Он перестал меня стесняться, улыбался по-свойски, даже подмигивал, когда я меняла беговую дорожку на степпер, мол, устала старушка, отдохни. В общем, подружились мы, и, бог знает, сколько бы продолжалась маета моего сердца, если бы однажды мы не столкнулись на выходе…

Четвертый день настоящей жизни

Четвертый день я поедаю себя. Четвертый, освященный моею нетерпеливостью, день… И остановиться бы, но нет, я слишком увлечена новой игрой… Ах, если бы я только не годилась ему в матери. Но это так, с натяжкой — вот если бы в те времена, когда мне было шестнадцать, и я была бы легкособлазняемой дурочкой, то сейчас у меня был бы двадцатилетний сын… Слишком много «бы», скажете вы, и будете правы, в шестнадцать я и приблизительно не представляла, что такое мужская страсть. Зато сейчас я узнала, как у мальчишки пахнет ложбинка между бедром и пахом. Запрет придает моей любви необычный вкус — вкус вины, терпкий, грешный, адский.

 

— Придешь в зал сегодня?

— Наверное.

Что значит «наверное»? Он не уверен. Не хочет видеть меня. Сейчас, надо сделать это сейчас, пока не поздно, бросить трубку и забыть!

— Тебя захватить?

— Ммм… хорошо.

«Ммм, хорошо» — одна секунда, а мозг взорвался, в висках застучало, сердце охвачено ревностью, а язык не справляется со словами, которые необходимо сказать. Сказать, прямо сейчас!

— В девять, я заеду в девять.

— Окей.

Четвертый день, проклятый четвертый день.

 

Раньше я маялась лишь от безделья, пока черти не понесли меня в фитнес-центр. Тренажеры, смазливые инструктора и зеленый чай в баре — хороший способ занять себя, плюс общество красивых и состоятельных дам, которым, как и мне нечего делать.
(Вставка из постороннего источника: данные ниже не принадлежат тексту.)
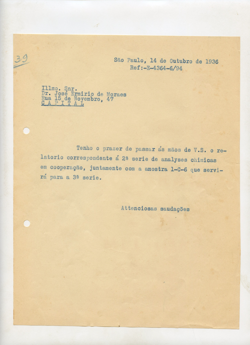 Comunicados do IPT relativos ao envio do relatório correspondente à "2ª série de analyses chimicas em cooperação", juntamente com a amostra 1-C-6 que servirá para a 3ª série; Comunicado sobre um novo regulamento, indicando que os ensaios deverão ser pagos no ato da entrega dos certificados.

Директриса центра, известная светская тусовщица, то и дело мелькавшая на глянцевых страницах и голубых экранах, была горда своим персоналом, и дамы были довольны — у каждой страстишка или не обременяющий романчик с накачанным инструктором. Я не осуждала, но и не желала закрутить интрижку. Так продолжалось около года, пока я не увидела его.

 

— Упражнение «бабочка», повторишь десять раз, потом отдых, — посоветовал мой инструктор. Я упором свела предплечья, выдохнула, вернулась в исходное, но так и осталась с разведенными локтями позабыв как дышать…

Юный бог — гармоничное тело, красивое лицо, милый румянец, и голос соблазнителя. Эта разница между мужским голосом и мальчишеской внешностью и привлекла мое внимание. Приходя к своей матери, он проводил пару часов на тренажерах, и я стала подгадывать время, чтобы полюбоваться им. Уязвимость своего сердца я обнаружила, когда директриса познакомила меня со своим сыночком. Бедное сердечко задрожало, ладони вспотели, щеки моментально залило краской. Смотрю на него, а он тоже покраснел. Мальчик мой! Здороваться стали при встрече, разговаривать. Он перестал меня стесняться, улыбался по-свойски, даже подмигивал, когда я меняла беговую дорожку на степпер, мол, устала старушка, отдохни. В общем, подружились мы, и, бог знает, сколько бы продолжалась маета моего сердца, если бы однажды мы не столкнулись на выходе. Красная спортивная куртка, голубые джинсы, жутко модная койотовая шапка — картинка! И я перья свои распушила — шиншилла, бриллианты, «Хонда» серебристая. Садись, мил дружок, я тебя покатаю… Сел, отвезла к себе, уговорила фильм посмотреть новый, про Джеймса Бонда, уж очень ему Дэниэл Крейг нравился. Это потом я себя убеждала, что фильм он мог и в кинотеатре посмотреть, просто ему хотелось побыть со мной, а причина… была бы причина!

 

…И это случилось. На диванчике у домашнего кинотеатра. Джинсы на полу, трусы на аудиосистеме, сердце вдребезги. Заниматься с ним любовью, все равно, что лакомиться «монпасье» — леденцовые короткие минуты, и снова дразнящие ласки, и очередная мелкая конфетка. Я безумно хотела эту сладость, и он разбрасывал прозрачные горошины, в пакетике их много…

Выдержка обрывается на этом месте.